Top row: model with h-current, bottom row: model without h-current. Baseline frequency 10 Hz, no noise, inhibitory postsynaptic current (IPSC) amplitude -10 nA. (a, c): Membrane potential trajectory without stimulus (black, undisturbed interval) and with stimulus applied at two exemplary time points (blue, green). Dashed arrows mark IPSC application time with respect to the last discharge (t_stim) and solid arrows mark change of interspike interval with respect to the undisturbed interval (Δ ISI). Insert in (a) shows h-current for the shown interspike intervals between 40 ms and 100 ms. Here, a positive sign indicates current flux into the cell. (b, d): Change of interspike interval duration (Δ ISI) over time of IPSC application with respect to the last discharge (t_stim). Intervals shown in (a) and (c), respectively, are marked with asterisks. Dashed lines separate prolonged interspike intervals (inhibition) from shortened interspike intervals (excitation).

Fig 6. Cluster-based analysis of peristimulus frequencygram (PSF).

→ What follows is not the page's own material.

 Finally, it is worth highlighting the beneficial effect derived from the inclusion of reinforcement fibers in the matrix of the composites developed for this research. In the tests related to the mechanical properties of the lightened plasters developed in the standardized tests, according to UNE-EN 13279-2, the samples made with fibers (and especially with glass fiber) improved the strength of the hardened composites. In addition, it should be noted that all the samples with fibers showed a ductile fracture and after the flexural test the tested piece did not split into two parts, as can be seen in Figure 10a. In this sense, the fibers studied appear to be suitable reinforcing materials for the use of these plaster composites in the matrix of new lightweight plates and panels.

PSF and PSF cumulative summation (PSF-cusum) for one experimentally recorded motor unit and a simulated neuron with and without h-current (data from Figs 2 and 3). The blue boxes in panels (a, b, c) cluster the first postinhibitory spikes that fire at least one standard deviation above the mean baseline frequency (black line). Accordingly, the green boxes cluster all first postinhibitory spikes that fire with at least one standard deviation below the mean baseline frequency. (d, e, f): Clusters of spike trains from which the first poststimulus spikes appear in the blue or green box, respectively. (g, h, i): PSF-cusum of all spike trains (black) and clusters of spike trains (blue, green).

Fig 7. Characteristic behavior of the computational motoneuron model.

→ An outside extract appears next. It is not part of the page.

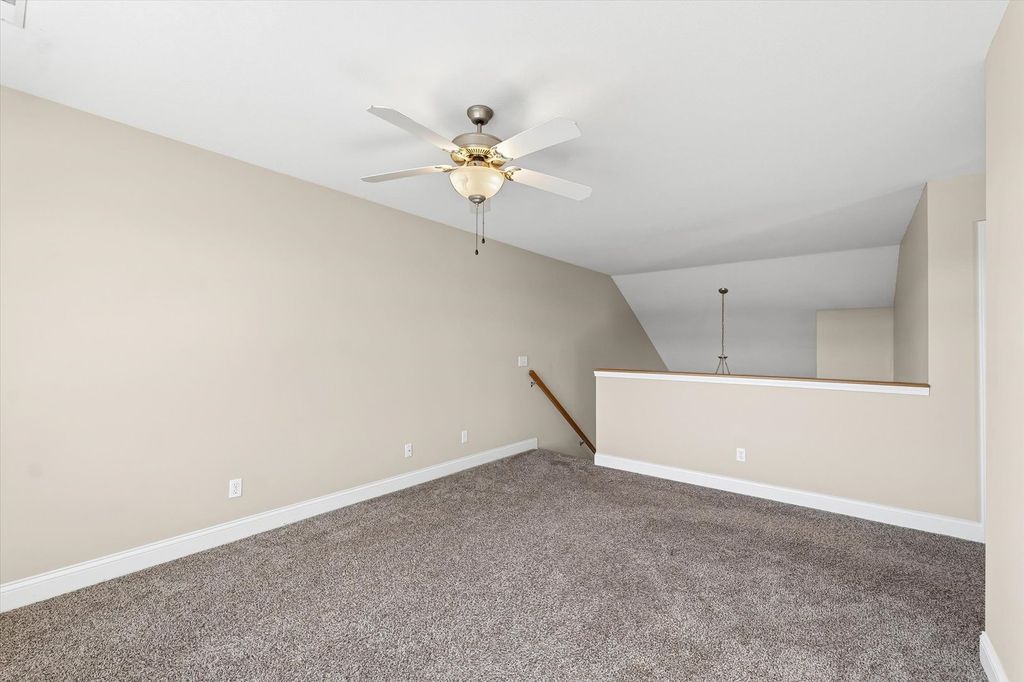 Don't Miss Your Opportunity! Step into this spacious 1.5-story zero-lot home with beautiful lake views from both the living space and the primary suite. A vaulted ceiling greets you upon entry and opens into a light-filled great room featuring hardwood floors and a cozy gas log fireplace. The open kitchen with breakfast bar is perfect for casual dining and entertaining. The first-floor primary suite offers convenience and privacy with a full bath, walk-in closet, and lake views. Upstairs, a versatile loft area makes an ideal office, playroom, or second living space, while the large second bedroom also includes its own walk-in closet. This home combines comfort, flexibility, and style-all in a serene lakeside setting!

(a): Membrane potential time course of the simulated motoneurons without (black) and with h-current (blue) in response to injection of the current step shown in (b). Membrane potential is given relative to the resting potential. (c): Steady-state membrane potential (V_step) vs. overshoot membrane potential (V_overshoot) of the simulated neuron (x) compared to data obtained from [26] (o) and [12] (△). (d): Equivalent electric circuit of the motoneuron model. Blue color highlights components added compared to the previous version of the model [18]. (e): Current-frequency relation for the model without (black) and with (blue) h-currents.